I would quite like to see how far we can get with this template but I will not be using it at all on real articles until the user interface is satisfactory and reasonably stable. --Mirokado (talk) 22:53, 31 August 2012 (UTC)[reply]

Issues which need to be sorted out include:

  • isbns do not determine a unique object
  • the #ifexists function is "expensive", I don't think we can have it used once the subpage has been created

--Mirokado (talk) 22:53, 31 August 2012 (UTC)[reply]

Something that always worries me about subpage citations is that they're very unlikely to be on anybody's watchlists, hence more susceptible to vandalism than usual. —David Eppstein (talk) 01:08, 1 September 2012 (UTC)[reply]

(edit conflict)

I'm not sure what you mean by "isbns do not determine a unique object". Do you have examples? Perhaps you are thinking of books in a series, which have both the series isbn and the volume isbn, but in such cases each isbn has its own "object".
I agree that for books the dateformat is less significant, but perhaps I wasn't clear enough about the real problem. The editors of all the different articles that transclude the templates are entitled to choose how reformat them. Imagine having an article going through FAR, only to have it fail because suddenly the rendered citations change without any record in the article history, when editors on an unrelated stub wanted to use a different format. The only ways to prevent that are to not use the subpage templates, or to make them unique to each article using them (which defeats the purpose). LeadSongDog come howl! 01:26, 1 September 2012 (UTC)[reply]
Small publishers, such as art galleries, genealogy publishers, and others, reuse isbns. As mentioned at International Standard Book Number#ISBN issuance they cost money. StarryGrandma (talk) 03:06, 1 September 2012 (UTC)[reply]
Reuse? Wouldn't that defeat the purpose? It certainly violates the standard, not to mention making life difficult for librarians (the people who really matter). LeadSongDog come howl! 02:58, 5 September 2012 (UTC)[reply]
Reuse is actually encouraged by some organizations to save money (we have to deal with what people do, not what they should do). Also, different editions often have the same ISBN and different printings with the exact same information end up with different ISBN. It is not a single unique identifier. For example see warning from : http://www.fictiondb.com/faq.htm Hardcover vs. Softcover. It is best to just use cite book. AManWithNoPlan (talk) 03:45, 7 September 2012 (UTC)[reply]
And some more http://www.goodreads.com/topic/show/86773-multiple-books---same-isbn http://www.amazon.com/forum/textbook%20buyback?_encoding=UTF8&cdForum=Fx3QLVRL4OTAZTD&cdThread=Tx149035TZ63GOE http://www.librarything.com/topic/19387 AManWithNoPlan (talk) 03:50, 7 September 2012 (UTC)[reply]

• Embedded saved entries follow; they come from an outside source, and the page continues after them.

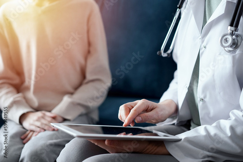 Doctor woman and kid boy patient at home. The pediatrician using tablet computer while filling up medical records, close up. Medicine, healthcare concept
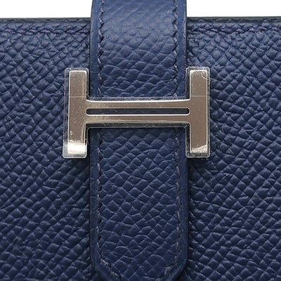 エルメス HERMES 二つ折り財布 ベアンミニ ヴォーエプソン ブルーネイビー シルバー金具 紺 コンパクト K刻印(2025年製) 【箱】 【中古】
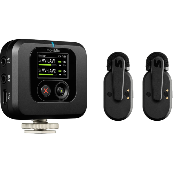 Shure MOVEMIC Kit 2-Channel Lavalier Microphone + Receiver Elevate your content with the Shure MoveMic Two Receiver Kit, the ultimate solution for capturing professional audio on mobile phones, cameras or computers. This wireless clip-on microphone system comes with the MoveMic Receiver, expanding compatibility to mirrorless and DSLR cameras, computers, and third-party apps on your mobile phone. With up to 24 hours of recording, quick setup and two channels of high-fidelity audio, this wireless microphone for cameras lets you capture every moment. - Two-channel wireless microphone system with Receiver for use with cameras, computers and direct-to-phone connectivity. Pair both microphones directly to your iOS or Android device using the Shure MOTIV Video or Audio apps or to the - MoveMic Receiver for use with cameras and third party mobile apps.- Connect your MoveMic Receiver to your mobile phone for additional compatibility with third-party and native apps on your mobile phone. Direct-to-phone connectivity is only recommended for use with Shure MOTIV apps.- Carefully designed microphone form factor to be as small and discreet as possible.- Created by same Shure team behind the professional wireless microphone systems used by the world's leading artists, venues and festivals.- 24 hours of recording on the go: MoveMic lavaliers provide eight hours of battery life within the microphone, with an additional two full charges ready in the convenient charging case. The MoveMic Receiver needs to be charged separately.- The MoveMic Two Receiver Kit offers instant setup and connectivity, enabling you to record in seconds without missing a beat.- Choose between direct-to-phone wireless, or use the MoveMic Receiver with your camera, for up to two channels of high-quality audio with any device.- Utilizing custom acoustic design and proprietary wireless software, MoveMic delivers professional audio quality beyond traditional mobile devices.- The free ShurePlus MOTIV apps allow you to customize your audio and video settings for optimal recording. Configure gain, limiter, EQ, compression and noise reduction within the apps.- Rated IPX4, MoveMic Two is designed to withstand rain, spills and splashes, ensuring your content is not limited by environmental conditions.
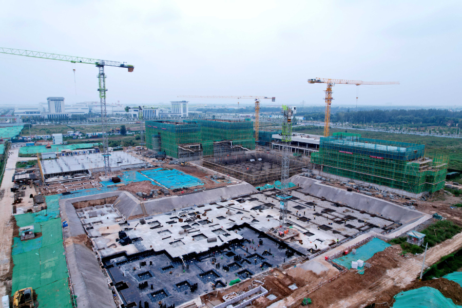 走进项目施工现场,塔吊林立,多栋单体高高矗立。机器轰鸣声与金属敲击声交织,施工人员分布在各个作业面绑扎钢筋、拆除模板、砌筑墙体……铆足干劲加快工程建设。“6月底进入主体施工,目前初中A、B教学楼和小学1#、2#教学楼封顶,小学3#教学楼二层结构施工完成,宿舍楼三层接近收尾,综合楼A隔震层基础浇筑完成,综合楼B地基正在收尾。当前,所有单体都在同步推进,部分封顶单体已启动二次结构施工。”项目人员介绍,项目部正抢抓秋季有利施工环境,以首善标准全力推进民生工程建设。
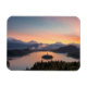 Rectangular souvenir-fotomagnet av en färgstark soluppgång över Sjö Bled med ön på morgonen tidigt i Slovenien.
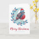 Snygg personlig julhälsningskort med en vattenfärg illustration av en fågel på en måne.
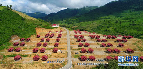 这是9月27日在老挝琅勃拉邦省巴乌县航拍的拉塔亥移民新村。中国电力建设股份有限公司投资开发的老挝南欧江项目二期一级水电站移民新村交接仪式27日正式举行。 新华社发(刘艾伦摄)

Cite_isbn too risky with pop-culture articles

Just to emphasize the risks noted above, there is no guarantee that numerous ISBN numbers have not been reused for newer books or a specific book have other edition numbers not matching the {cite_isbn|<ISBN>} on file, confusing people who find a different title/number. Meanwhile, we want to leave each Cite_isbn/xx subpage unprotected to allow others to expand detail and fix typos. However, the use of {Cite_isbn} with unprotected subpages would quickly enter the frequently read pop-culture articles, which do cite from books, and famous books would more likely use {Cite_isbn} entries. Note those articles rarely cite from DOI numbers, which are more common in medical or other journal-related articles. Plus, I can confirm the recent horrors of unprotected templates, even outside of pop-culture article vandalism, where some well-meaning admins unprotected many string-handling templates a year ago, and within months, almost all were vandalized/hacked by IP-address users, then re-protected. It took a while to find where the vandalism was hidden, and with {Cite_isbn}, there would be strong temptation to rename any book as "Celebrity Xxx drug abuse with underage students". The reason vandalism remains for weeks or months is because it is 50x times easier to vandalize than to find and correct. I dred the protected subtemplates of Template:Taxobox or others when attempting improvements, but they must be protected due to extreme risk of hacking, and if {Cite_isbn} subpages were to get automatic protection, then that would thwart the promise of "fix one place" for improvement everywhere. Instead, the reality is most likely, "vandalize one place for embarrassing insults" everywhere. Hence, it is better to repeat a {cite_book} in 20 celebrity articles, rather than risk hideous {cite_isbn} vandalism to attack 20 semi-protected pages, where 99.99% of readers, for days/weeks, would search and not know if or where vandalism had occurred, with drugs for "underage students" (re: History of Facebook). Since there is a critical need to protect string-utility templates from registered editors, then imagine the risk to {cite_isbn} entries in pop-culture articles. Hence, for those reasons, I agree with the fears expressed above, and advise the new {cite_isbn} should be kept limited in usage. -Wikid77 (talk) 15:38, 10 September 2012 (UTC)[reply]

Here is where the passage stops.